─── EXERCISE INPUTS ───

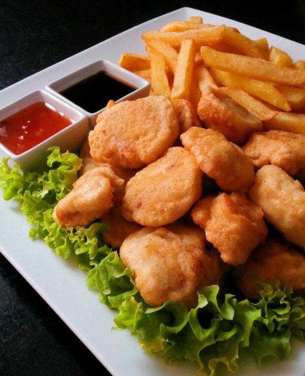 Gotowe kurczaczki podajemy np. z frytkami oraz dowolnymi sosami.
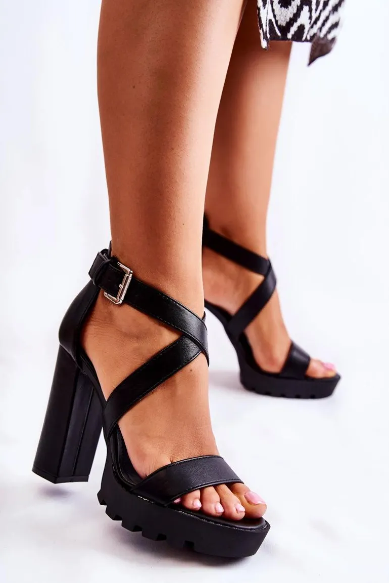 Modne Sandały Na Słupku Z Paskiem Czarne Rammis
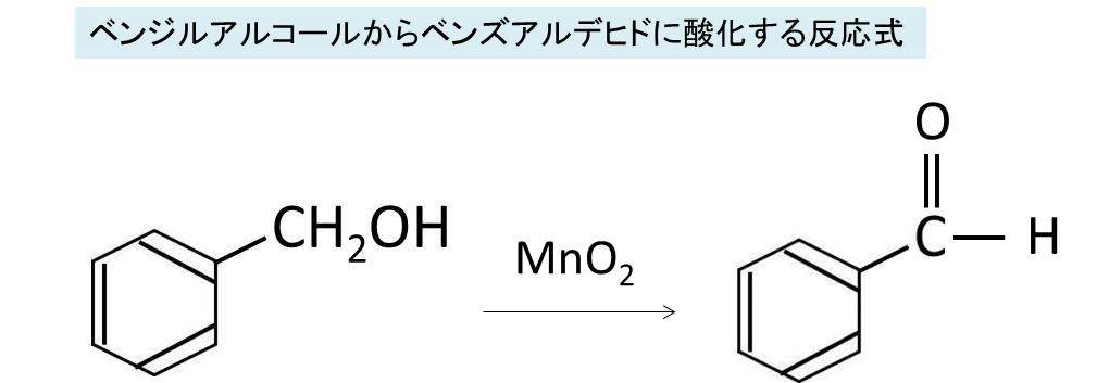 ・ベンジルアルコールを酸化し、ベンズアルデヒドにする反応式【MnO2を使用】
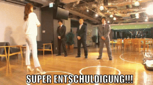 A group of men in suits perform an exaggerated, extreme apology, bowing deeply and prostrating themselves on the floor.
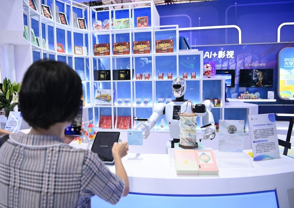 9月11日,在服貿(mào)會(huì)文旅服務(wù)專題展區(qū),參觀者在“海淀有禮文創(chuàng)機(jī)器人快閃店”與機(jī)器人互動(dòng)。新華社記者 肖瀟 攝
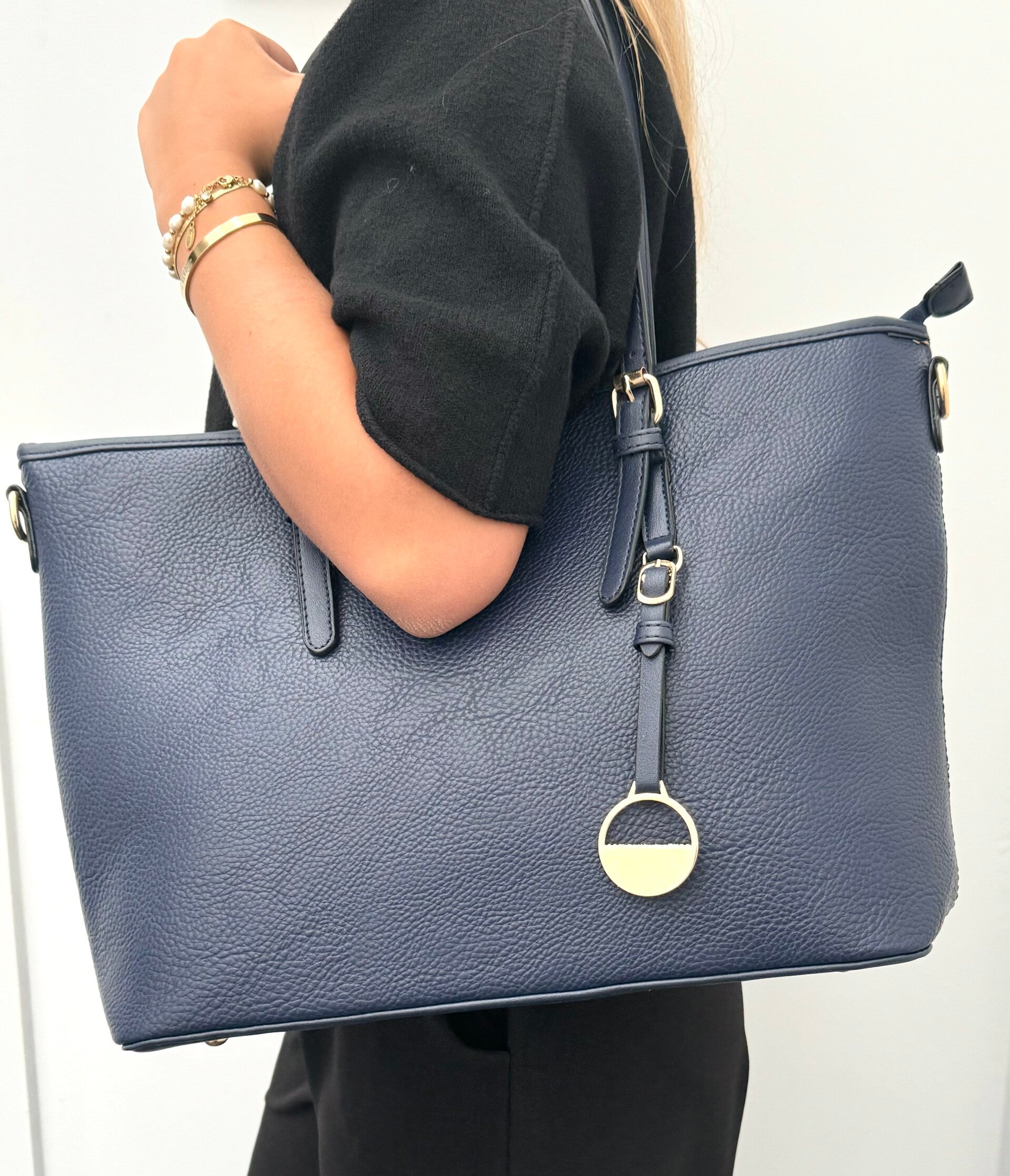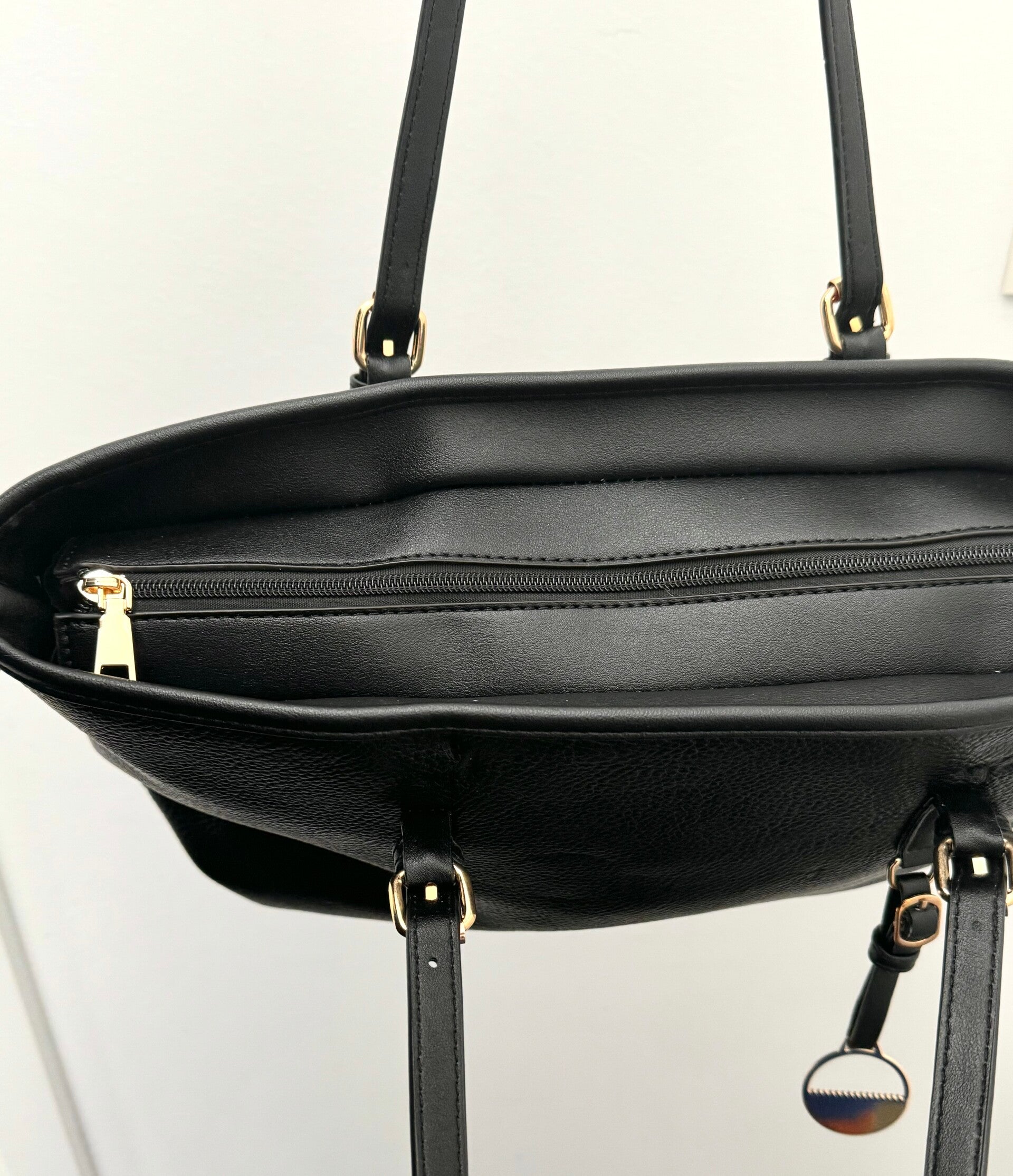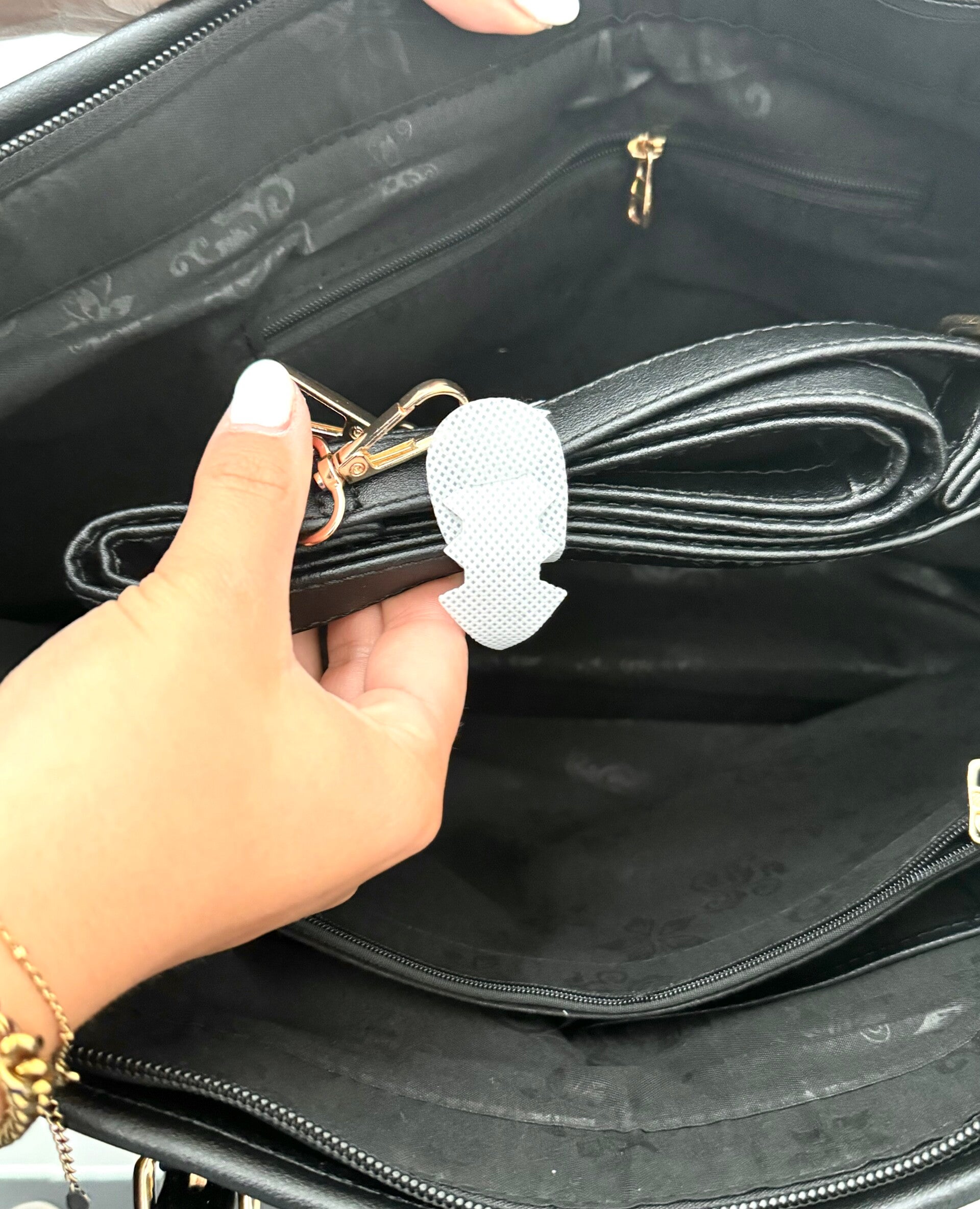 Met lange riem om op heuphoogte ook te kunnen dragen.
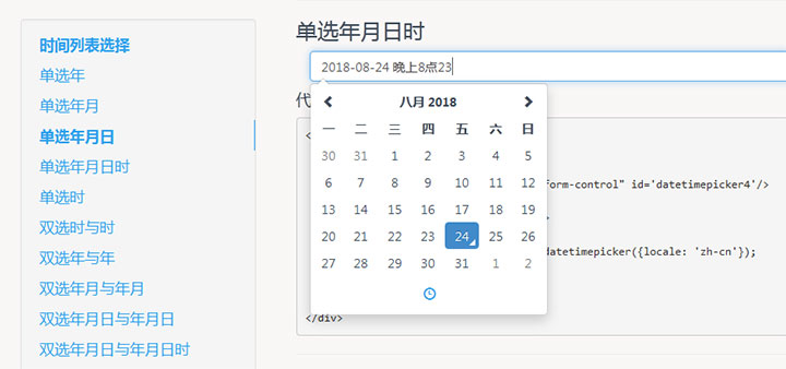 一款强大实用的基于bootstrap和jQuery日期时间选择器集合插件,日期和时间选择功能可以说是齐了,具体看演示。
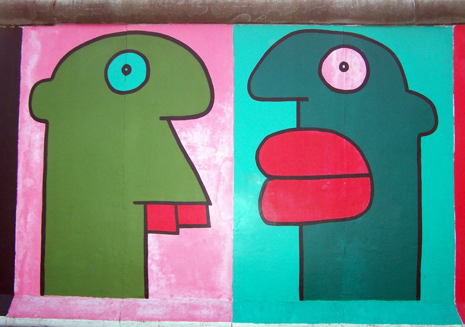 Auf 1 3 km länge steht an der mühlenstraße noch ein orignales teil der berliner mauer. Thierry noir berlin mauer kunst malerei interview mauerfall frankreich lyon paris dekra hochschule andrew hood igor jonas bangs antonin tramitz leonard tramitz dekra. Noir could neither paint nor draw a cat. Als east side gallery wurden 1991 bemalte mauerteile darunter auch das von noir unter denkmalschutz gestellt.

───

• _TASK BRIEF_:
Find the line that contains "Met lange riem". Reproduce it and every later line of the records exactly, minus the pictures.

• _REPLY_:
 Met lange riem om op heuphoogte ook te kunnen dragen.
 一款强大实用的基于bootstrap和jQuery日期时间选择器集合插件,日期和时间选择功能可以说是齐了,具体看演示。
 Auf 1 3 km länge steht an der mühlenstraße noch ein orignales teil der berliner mauer. Thierry noir berlin mauer kunst malerei interview mauerfall frankreich lyon paris dekra hochschule andrew hood igor jonas bangs antonin tramitz leonard tramitz dekra. Noir could neither paint nor draw a cat. Als east side gallery wurden 1991 bemalte mauerteile darunter auch das von noir unter denkmalschutz gestellt.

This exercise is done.